→ **DATA BLOCK**
-----

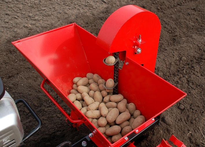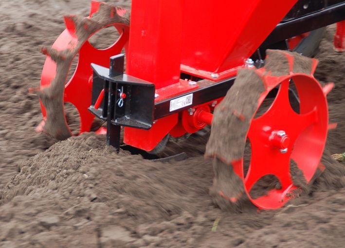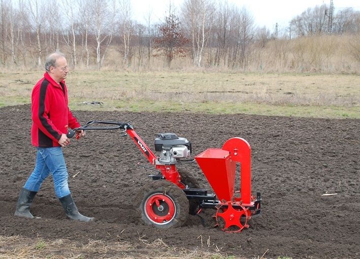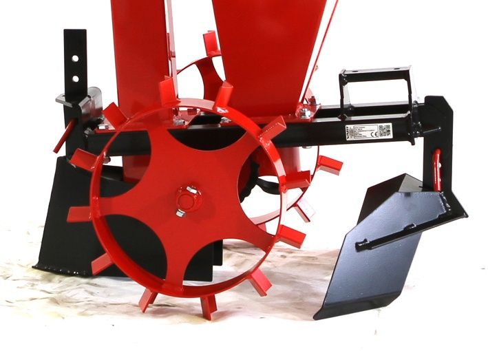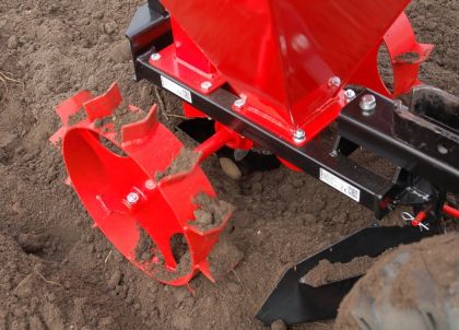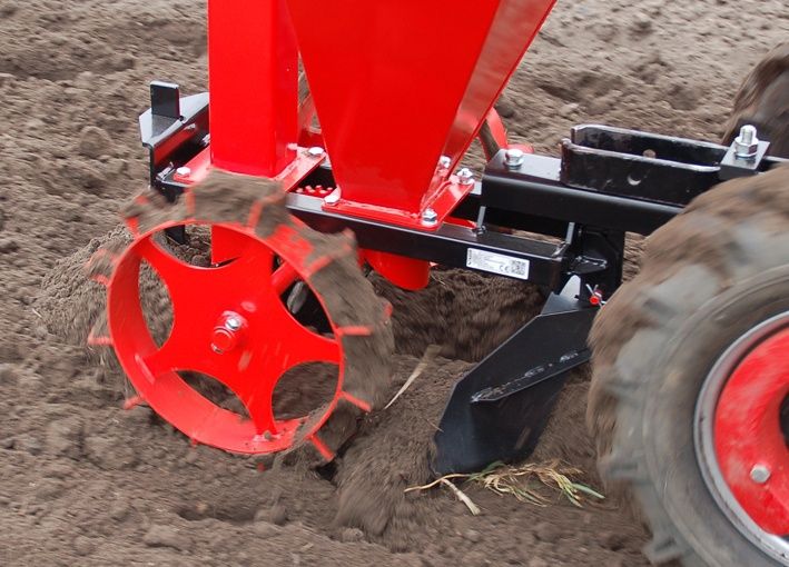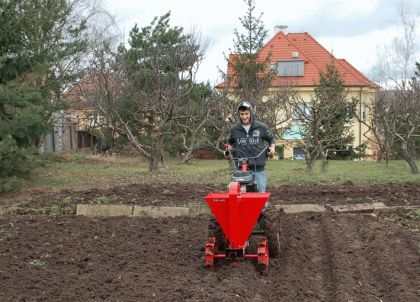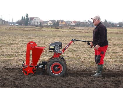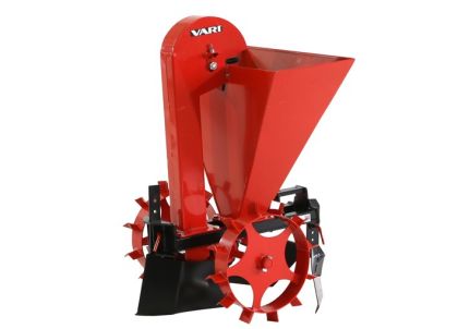 Sazeč brambor VARI SB-40, vpředu nesený automatický jednořádkový sazeč brambor SB-40 s miskovým mechanismem a se zásobníkem na 20 kg sadby.
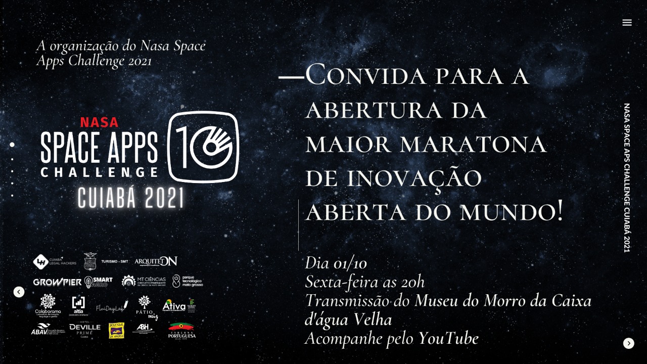A Prefeitura de Cuiabá, por meio da Secretaria Municipal de Turismo, convida para a live de abertura da maior maratona de inovação aberta do mundo: a 10ª Edição do Nasa Space Apps Challenge Cuiabá 2021”. O evento terá incício na noite desta sexta-feira (1), a partir das 20 horas, no Museu da Caixa D´Água Velha. A fim de manter as normas de biossegurança necessárias para evitar a propagação do coronavírus, o evento será transmitido em tempo real, pelos canais oficiais da Prefeitura de Cuiabá: Facebook: https://www.facebook.com/prefeituracba e Instagram: https://www.instagram.com/cuiabaprefeitura/.
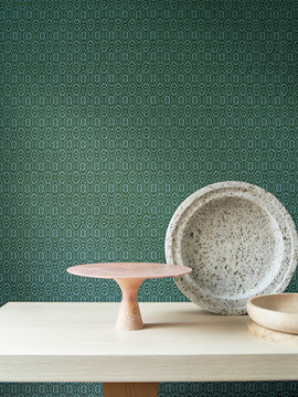 L'Extasee wallpaper from the L'invite collection by Arte depicts closed, geometric shapes printed in a small scale to create an intricate pattern reminiscent of lace. L'Extasee has an air of luxury due to its lace appearance, and is a surprising yet inviting print, certain to add interest to the walls of the modern home. Arte's Extasee wallpaper is a paste the wall collection meaning ease during hanging, and the wallpapers are printed on a non-woven substrate for superior quality.
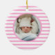 Elegant, modern and cute baby photo Christmas ornament on pink stripe pattern. This template featuring an adorable illustration of Pink baby dinosaur sleeping under the gold yellow stars with custom Baby's name. Reverse to reveal a lovely baby photo in red stripe circle frame. Great for both baby boy and girl. Perfect gift for all seasons!

-----

Write the listing out in full, exactly; no images.

 Sazeč brambor VARI SB-40, vpředu nesený automatický jednořádkový sazeč brambor SB-40 s miskovým mechanismem a se zásobníkem na 20 kg sadby.
A Prefeitura de Cuiabá, por meio da Secretaria Municipal de Turismo, convida para a live de abertura da maior maratona de inovação aberta do mundo: a 10ª Edição do Nasa Space Apps Challenge Cuiabá 2021”. O evento terá incício na noite desta sexta-feira (1), a partir das 20 horas, no Museu da Caixa D´Água Velha. A fim de manter as normas de biossegurança necessárias para evitar a propagação do coronavírus, o evento será transmitido em tempo real, pelos canais oficiais da Prefeitura de Cuiabá: Facebook: https://www.facebook.com/prefeituracba e Instagram: https://www.instagram.com/cuiabaprefeitura/.
 L'Extasee wallpaper from the L'invite collection by Arte depicts closed, geometric shapes printed in a small scale to create an intricate pattern reminiscent of lace. L'Extasee has an air of luxury due to its lace appearance, and is a surprising yet inviting print, certain to add interest to the walls of the modern home. Arte's Extasee wallpaper is a paste the wall collection meaning ease during hanging, and the wallpapers are printed on a non-woven substrate for superior quality.
 Elegant, modern and cute baby photo Christmas ornament on pink stripe pattern. This template featuring an adorable illustration of Pink baby dinosaur sleeping under the gold yellow stars with custom Baby's name. Reverse to reveal a lovely baby photo in red stripe circle frame. Great for both baby boy and girl. Perfect gift for all seasons!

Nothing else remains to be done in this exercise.